-- Problem requirements --
Restate word for word the lines of the listing below, from its first line through the line with "Waist Skirt Dresses", without the pictures.

BEGIN Information given

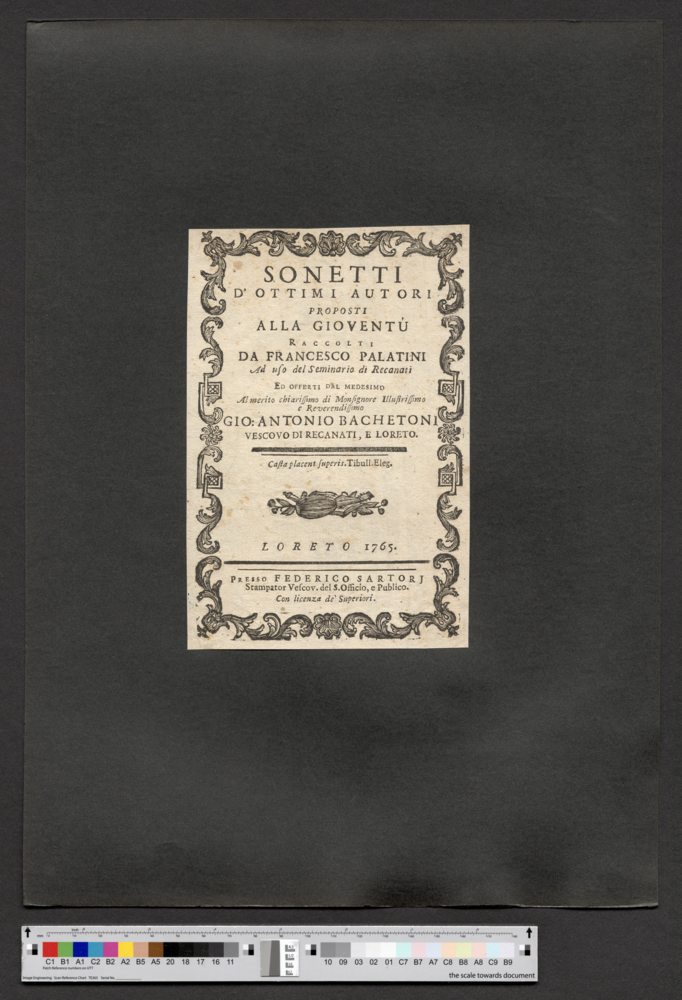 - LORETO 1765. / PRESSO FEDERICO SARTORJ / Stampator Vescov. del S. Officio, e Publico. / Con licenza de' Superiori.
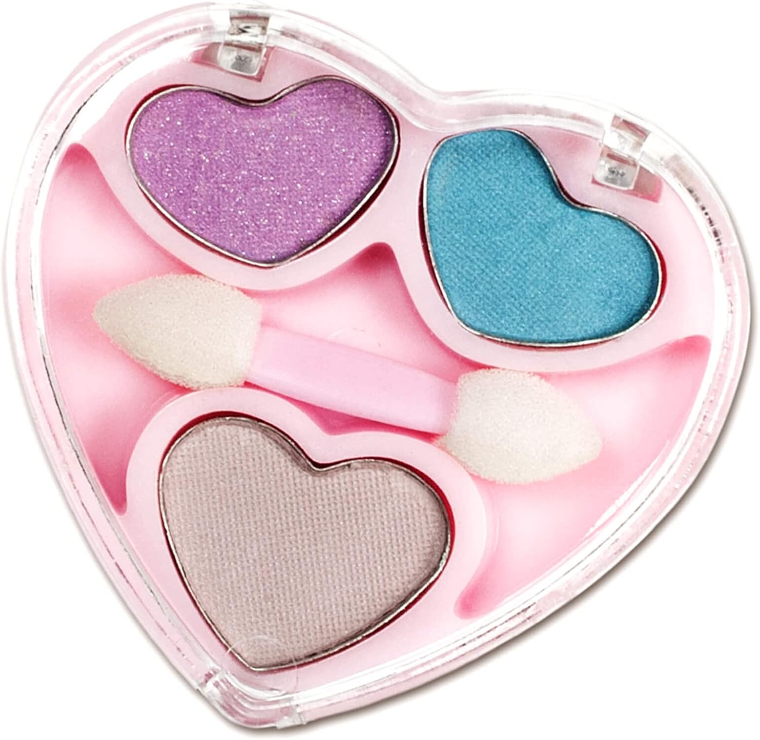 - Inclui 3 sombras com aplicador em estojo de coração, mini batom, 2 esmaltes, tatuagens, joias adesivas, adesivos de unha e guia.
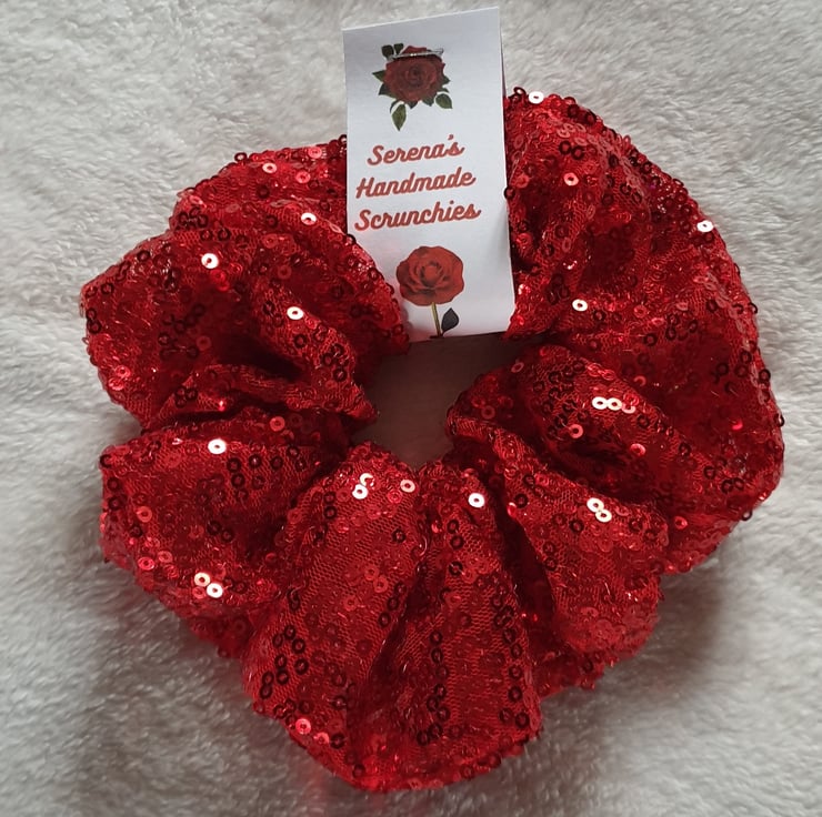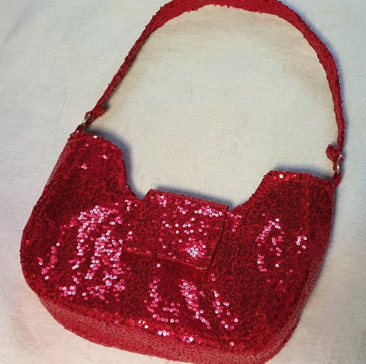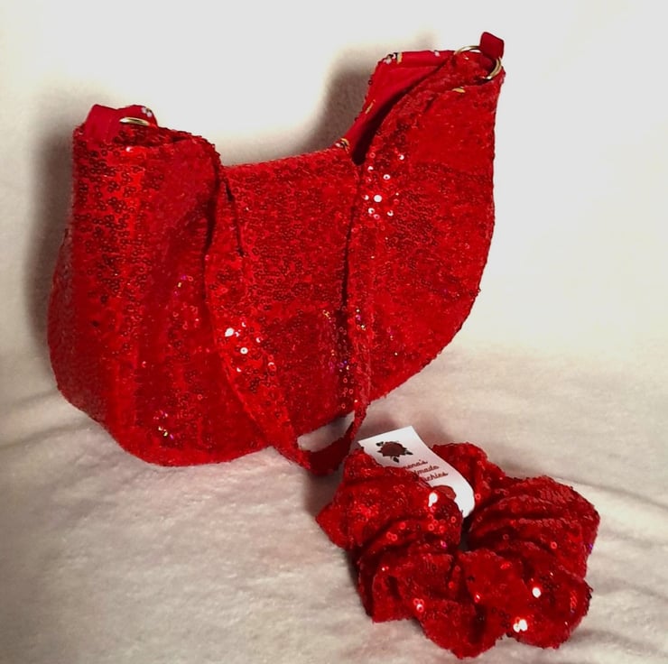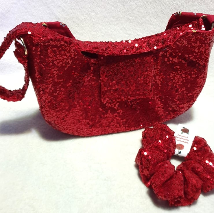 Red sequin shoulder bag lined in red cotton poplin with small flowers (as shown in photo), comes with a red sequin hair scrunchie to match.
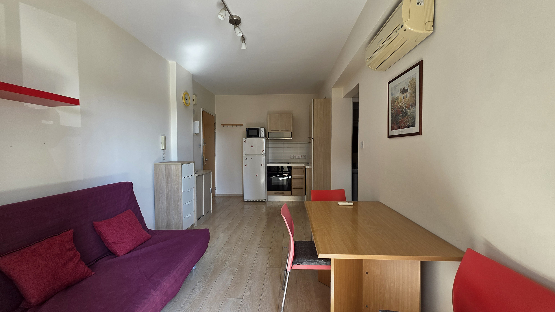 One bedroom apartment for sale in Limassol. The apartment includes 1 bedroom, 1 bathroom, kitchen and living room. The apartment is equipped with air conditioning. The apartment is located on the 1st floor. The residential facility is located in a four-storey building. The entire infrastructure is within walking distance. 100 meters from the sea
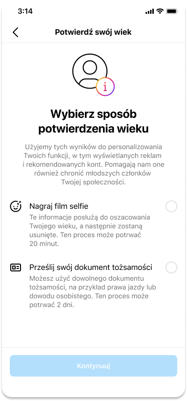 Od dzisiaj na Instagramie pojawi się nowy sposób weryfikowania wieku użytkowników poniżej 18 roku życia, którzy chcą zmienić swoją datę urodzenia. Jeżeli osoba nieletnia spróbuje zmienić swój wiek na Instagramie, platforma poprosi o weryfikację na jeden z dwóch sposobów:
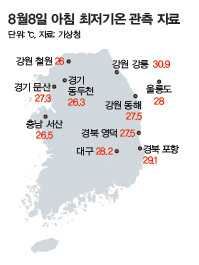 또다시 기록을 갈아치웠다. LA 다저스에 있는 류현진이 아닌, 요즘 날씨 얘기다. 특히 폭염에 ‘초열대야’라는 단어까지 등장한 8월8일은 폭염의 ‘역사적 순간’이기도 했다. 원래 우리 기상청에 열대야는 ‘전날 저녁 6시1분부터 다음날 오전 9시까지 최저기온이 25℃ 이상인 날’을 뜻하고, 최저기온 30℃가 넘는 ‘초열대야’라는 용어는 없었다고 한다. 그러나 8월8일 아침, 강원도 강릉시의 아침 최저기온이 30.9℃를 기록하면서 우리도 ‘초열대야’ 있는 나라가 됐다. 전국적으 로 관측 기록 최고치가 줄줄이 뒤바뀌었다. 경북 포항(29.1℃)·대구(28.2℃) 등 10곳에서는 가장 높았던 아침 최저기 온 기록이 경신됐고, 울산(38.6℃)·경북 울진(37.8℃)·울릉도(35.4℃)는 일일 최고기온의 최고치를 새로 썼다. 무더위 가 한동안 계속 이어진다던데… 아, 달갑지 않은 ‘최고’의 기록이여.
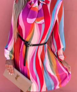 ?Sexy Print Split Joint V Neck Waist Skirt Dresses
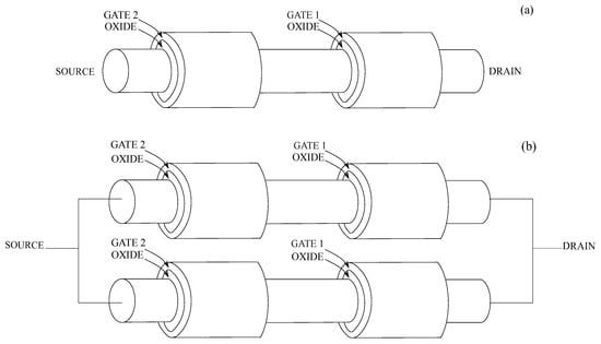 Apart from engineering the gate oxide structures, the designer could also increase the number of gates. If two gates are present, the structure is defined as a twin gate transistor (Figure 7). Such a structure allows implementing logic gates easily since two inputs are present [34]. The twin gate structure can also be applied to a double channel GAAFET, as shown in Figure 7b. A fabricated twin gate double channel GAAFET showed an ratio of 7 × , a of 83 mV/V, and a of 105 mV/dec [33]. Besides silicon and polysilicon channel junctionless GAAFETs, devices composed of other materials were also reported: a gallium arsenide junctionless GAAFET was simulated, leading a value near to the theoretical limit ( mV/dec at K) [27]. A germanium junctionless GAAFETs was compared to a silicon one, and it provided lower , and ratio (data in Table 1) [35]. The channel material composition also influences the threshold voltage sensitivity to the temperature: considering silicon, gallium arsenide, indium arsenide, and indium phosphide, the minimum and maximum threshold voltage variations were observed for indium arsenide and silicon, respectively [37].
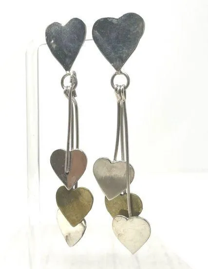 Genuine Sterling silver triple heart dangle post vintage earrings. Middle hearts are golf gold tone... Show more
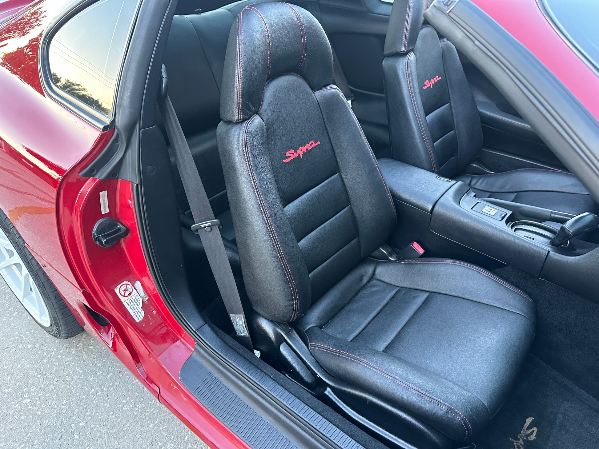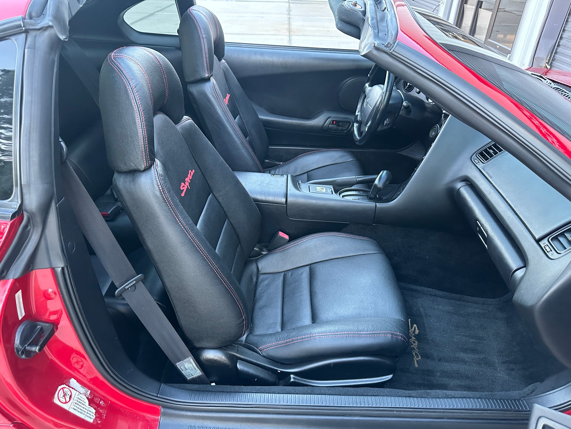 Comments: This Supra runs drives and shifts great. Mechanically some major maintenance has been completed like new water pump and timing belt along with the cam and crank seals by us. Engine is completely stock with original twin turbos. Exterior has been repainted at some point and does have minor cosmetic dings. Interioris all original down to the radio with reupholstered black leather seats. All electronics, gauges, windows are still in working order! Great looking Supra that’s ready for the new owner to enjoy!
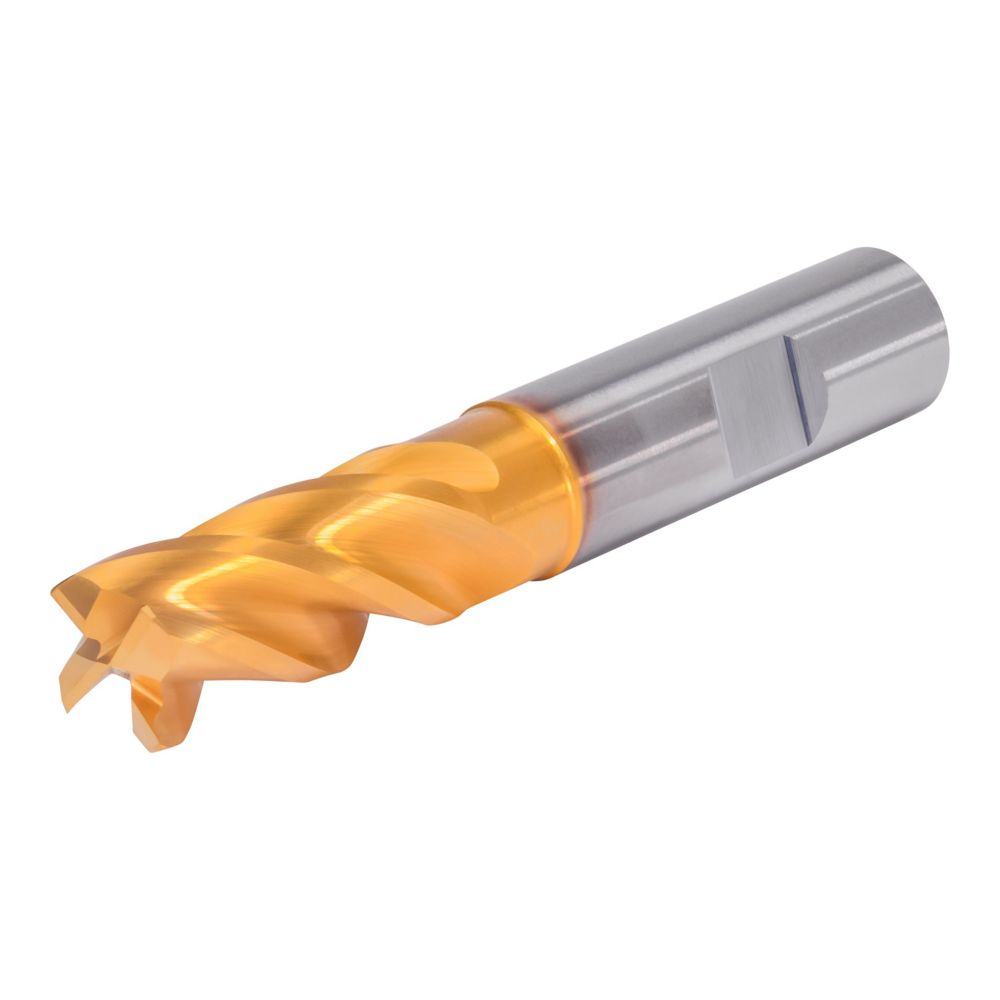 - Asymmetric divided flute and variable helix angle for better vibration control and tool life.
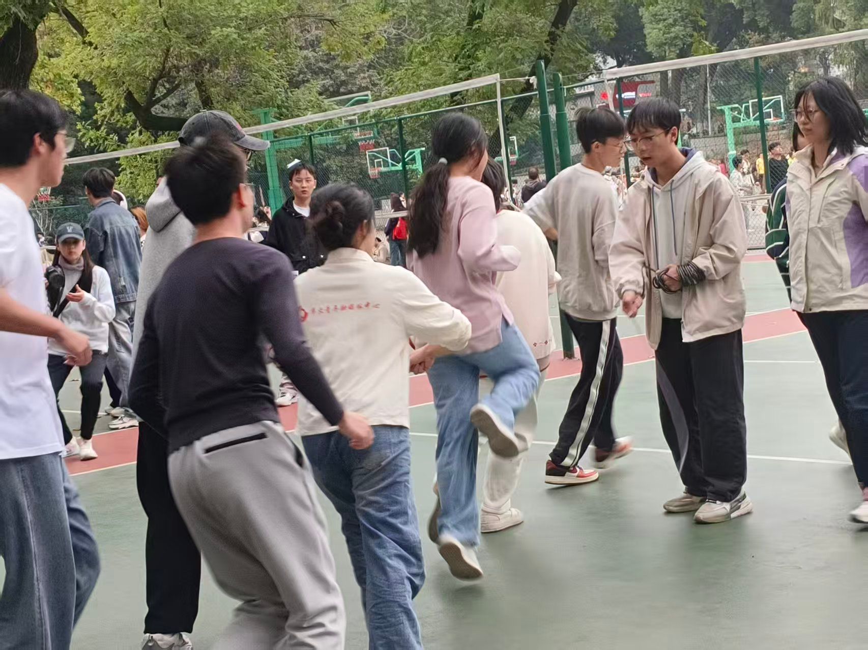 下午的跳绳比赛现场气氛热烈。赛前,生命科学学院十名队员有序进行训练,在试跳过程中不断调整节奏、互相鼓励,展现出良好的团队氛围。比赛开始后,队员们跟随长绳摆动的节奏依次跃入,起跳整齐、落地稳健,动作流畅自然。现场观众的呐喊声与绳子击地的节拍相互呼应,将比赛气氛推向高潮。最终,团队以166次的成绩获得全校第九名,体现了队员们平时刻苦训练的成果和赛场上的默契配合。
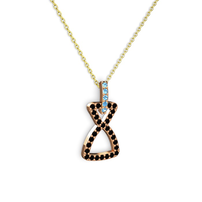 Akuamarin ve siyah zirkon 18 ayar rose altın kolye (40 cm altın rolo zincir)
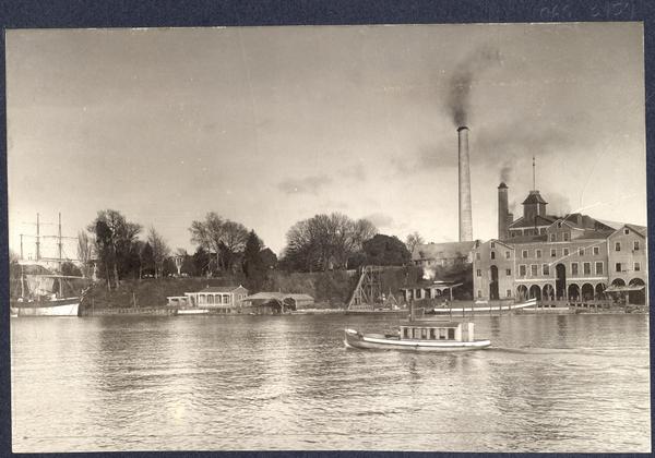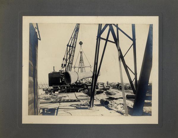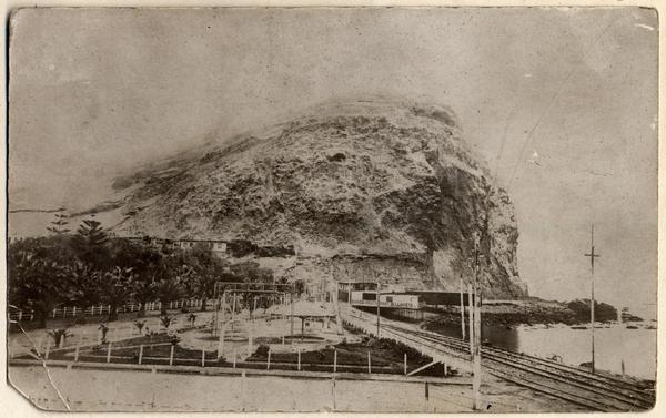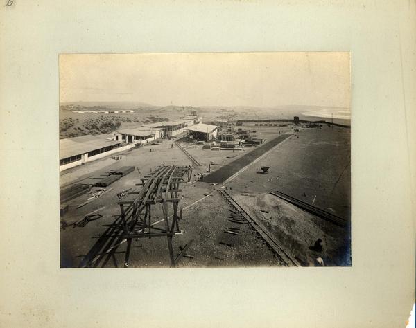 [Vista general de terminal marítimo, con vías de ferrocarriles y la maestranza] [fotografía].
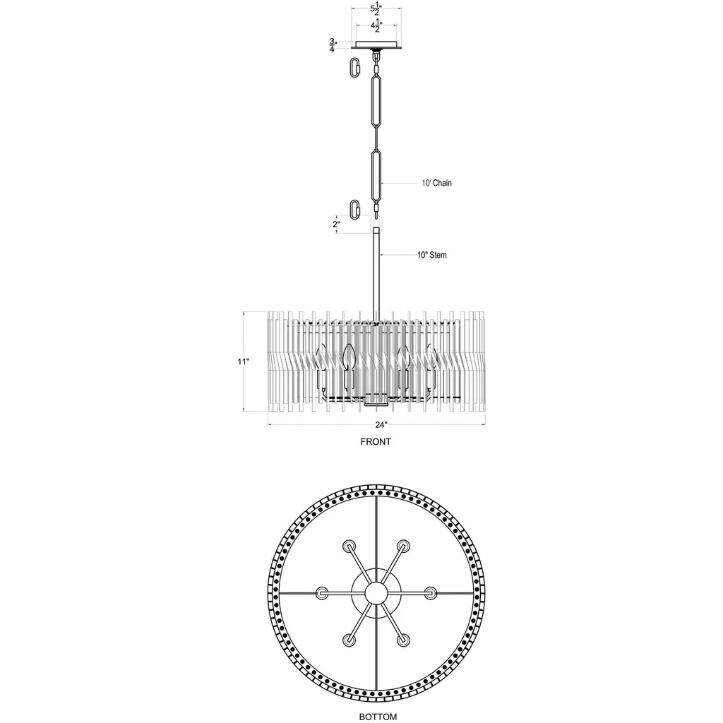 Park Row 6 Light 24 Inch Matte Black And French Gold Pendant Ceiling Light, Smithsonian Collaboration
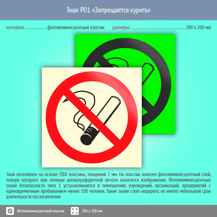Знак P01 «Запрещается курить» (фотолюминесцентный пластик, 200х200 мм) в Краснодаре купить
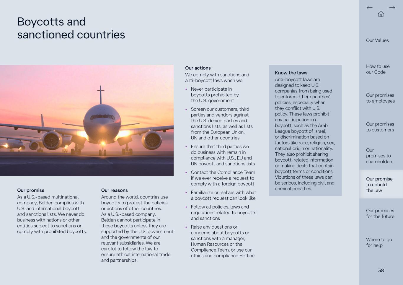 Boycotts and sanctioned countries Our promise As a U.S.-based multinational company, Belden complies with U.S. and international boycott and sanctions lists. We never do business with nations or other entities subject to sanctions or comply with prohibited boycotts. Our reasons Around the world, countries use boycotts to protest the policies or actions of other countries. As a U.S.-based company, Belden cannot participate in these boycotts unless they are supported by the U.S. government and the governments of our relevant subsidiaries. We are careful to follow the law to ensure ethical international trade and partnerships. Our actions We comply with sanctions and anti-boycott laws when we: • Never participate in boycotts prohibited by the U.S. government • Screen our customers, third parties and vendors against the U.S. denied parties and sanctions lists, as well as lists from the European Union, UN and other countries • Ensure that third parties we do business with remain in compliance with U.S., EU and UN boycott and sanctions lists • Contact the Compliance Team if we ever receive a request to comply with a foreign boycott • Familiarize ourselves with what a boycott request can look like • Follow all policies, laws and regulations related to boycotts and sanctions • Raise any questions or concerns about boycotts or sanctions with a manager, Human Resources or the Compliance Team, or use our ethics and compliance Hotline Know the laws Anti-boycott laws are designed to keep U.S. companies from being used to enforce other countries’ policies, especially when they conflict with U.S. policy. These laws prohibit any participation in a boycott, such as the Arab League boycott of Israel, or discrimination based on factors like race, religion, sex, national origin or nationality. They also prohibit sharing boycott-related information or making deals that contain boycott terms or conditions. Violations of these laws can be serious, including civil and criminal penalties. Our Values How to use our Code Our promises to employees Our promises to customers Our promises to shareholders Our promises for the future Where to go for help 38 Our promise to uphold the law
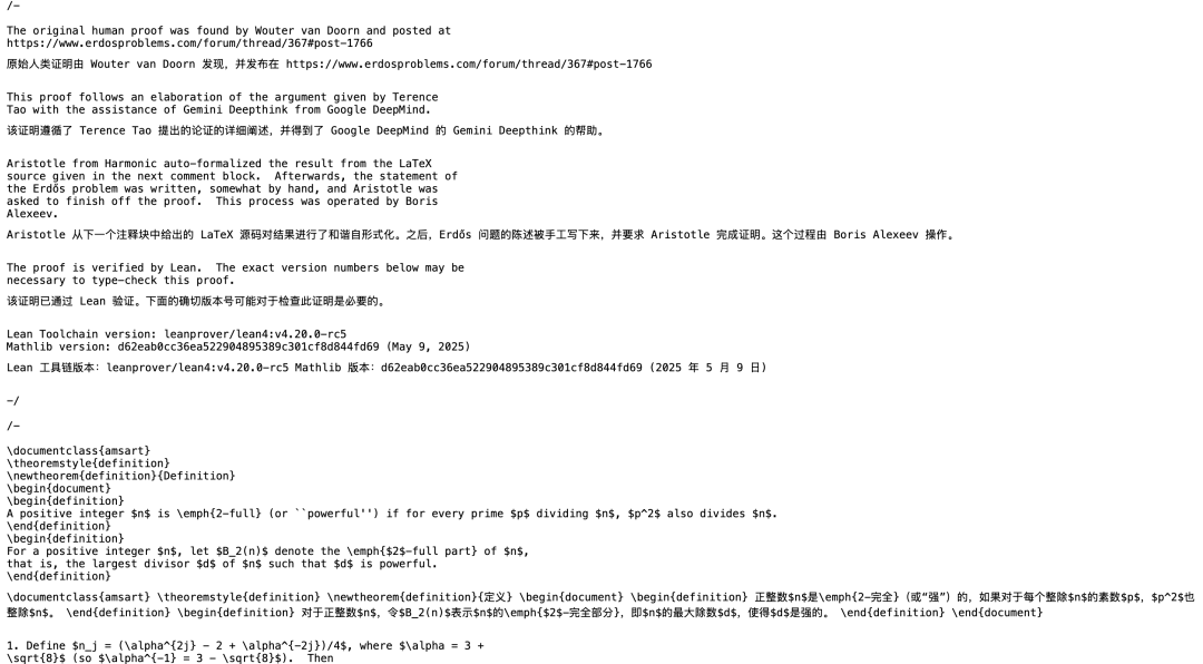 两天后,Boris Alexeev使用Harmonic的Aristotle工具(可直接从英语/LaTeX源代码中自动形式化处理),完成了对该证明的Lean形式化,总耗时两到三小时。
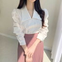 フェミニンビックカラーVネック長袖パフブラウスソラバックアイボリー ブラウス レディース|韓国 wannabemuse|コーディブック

END Information given

-- The completed task --
 - LORETO 1765. / PRESSO FEDERICO SARTORJ / Stampator Vescov. del S. Officio, e Publico. / Con licenza de' Superiori.
 - Inclui 3 sombras com aplicador em estojo de coração, mini batom, 2 esmaltes, tatuagens, joias adesivas, adesivos de unha e guia.
 Red sequin shoulder bag lined in red cotton poplin with small flowers (as shown in photo), comes with a red sequin hair scrunchie to match.
 One bedroom apartment for sale in Limassol. The apartment includes 1 bedroom, 1 bathroom, kitchen and living room. The apartment is equipped with air conditioning. The apartment is located on the 1st floor. The residential facility is located in a four-storey building. The entire infrastructure is within walking distance. 100 meters from the sea
 Od dzisiaj na Instagramie pojawi się nowy sposób weryfikowania wieku użytkowników poniżej 18 roku życia, którzy chcą zmienić swoją datę urodzenia. Jeżeli osoba nieletnia spróbuje zmienić swój wiek na Instagramie, platforma poprosi o weryfikację na jeden z dwóch sposobów:
 또다시 기록을 갈아치웠다. LA 다저스에 있는 류현진이 아닌, 요즘 날씨 얘기다. 특히 폭염에 ‘초열대야’라는 단어까지 등장한 8월8일은 폭염의 ‘역사적 순간’이기도 했다. 원래 우리 기상청에 열대야는 ‘전날 저녁 6시1분부터 다음날 오전 9시까지 최저기온이 25℃ 이상인 날’을 뜻하고, 최저기온 30℃가 넘는 ‘초열대야’라는 용어는 없었다고 한다. 그러나 8월8일 아침, 강원도 강릉시의 아침 최저기온이 30.9℃를 기록하면서 우리도 ‘초열대야’ 있는 나라가 됐다. 전국적으 로 관측 기록 최고치가 줄줄이 뒤바뀌었다. 경북 포항(29.1℃)·대구(28.2℃) 등 10곳에서는 가장 높았던 아침 최저기 온 기록이 경신됐고, 울산(38.6℃)·경북 울진(37.8℃)·울릉도(35.4℃)는 일일 최고기온의 최고치를 새로 썼다. 무더위 가 한동안 계속 이어진다던데… 아, 달갑지 않은 ‘최고’의 기록이여.
 ?Sexy Print Split Joint V Neck Waist Skirt Dresses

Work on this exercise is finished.